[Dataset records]
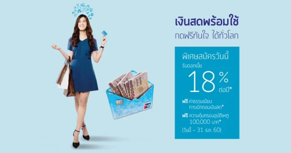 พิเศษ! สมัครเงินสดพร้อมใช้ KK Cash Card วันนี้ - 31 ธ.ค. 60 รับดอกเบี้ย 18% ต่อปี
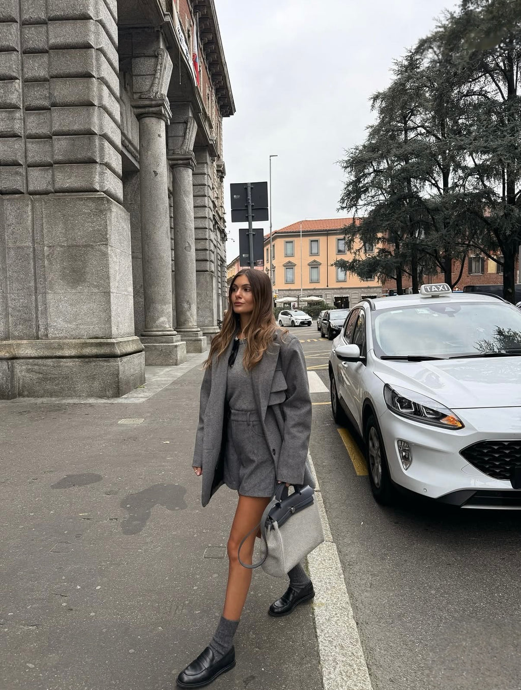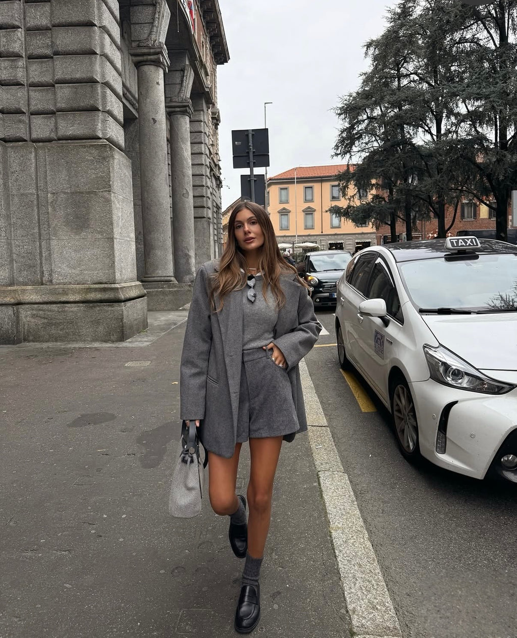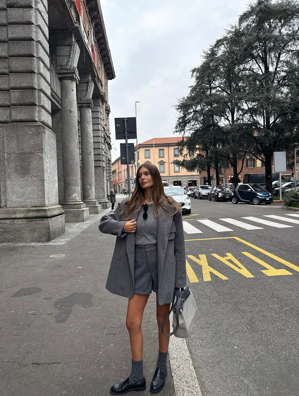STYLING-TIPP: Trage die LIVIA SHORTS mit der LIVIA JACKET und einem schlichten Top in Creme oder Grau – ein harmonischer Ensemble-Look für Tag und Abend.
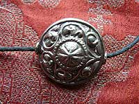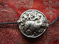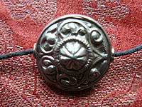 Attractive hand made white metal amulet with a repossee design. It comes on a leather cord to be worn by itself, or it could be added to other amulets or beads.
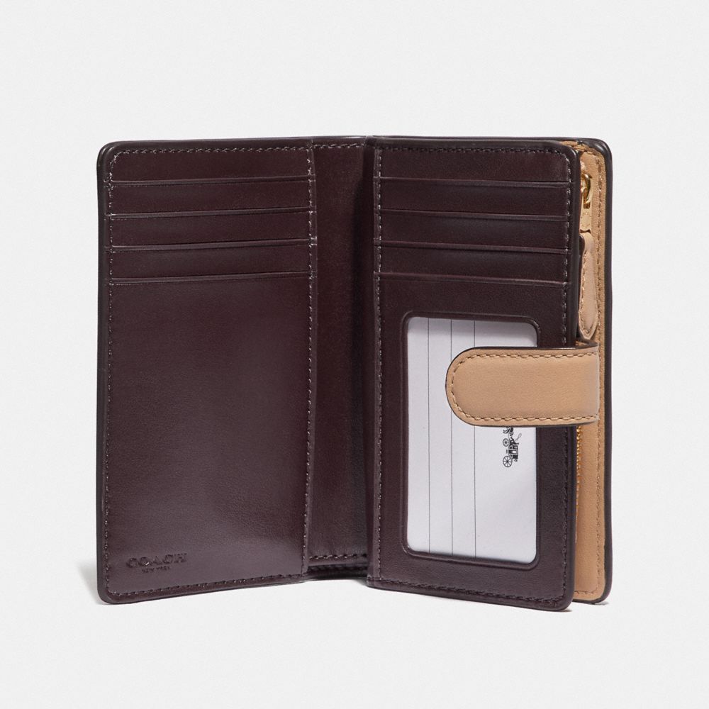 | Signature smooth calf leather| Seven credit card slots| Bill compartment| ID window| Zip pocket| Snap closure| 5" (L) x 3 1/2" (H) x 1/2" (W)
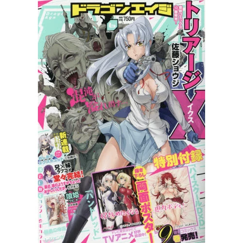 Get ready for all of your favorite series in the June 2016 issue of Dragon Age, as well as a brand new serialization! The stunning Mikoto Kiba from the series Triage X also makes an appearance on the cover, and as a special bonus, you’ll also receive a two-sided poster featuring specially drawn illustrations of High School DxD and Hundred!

EXERCISE OBJECTIVE => Looking above, find the stretch of lines that opens with the one holding "Attractive hand made" and closes with the one holding "Signature smooth calf". Copy it exactly, pictures excluded.

RESPONSE TO THE TASK =>
 Attractive hand made white metal amulet with a repossee design. It comes on a leather cord to be worn by itself, or it could be added to other amulets or beads.
 | Signature smooth calf leather| Seven credit card slots| Bill compartment| ID window| Zip pocket| Snap closure| 5" (L) x 3 1/2" (H) x 1/2" (W)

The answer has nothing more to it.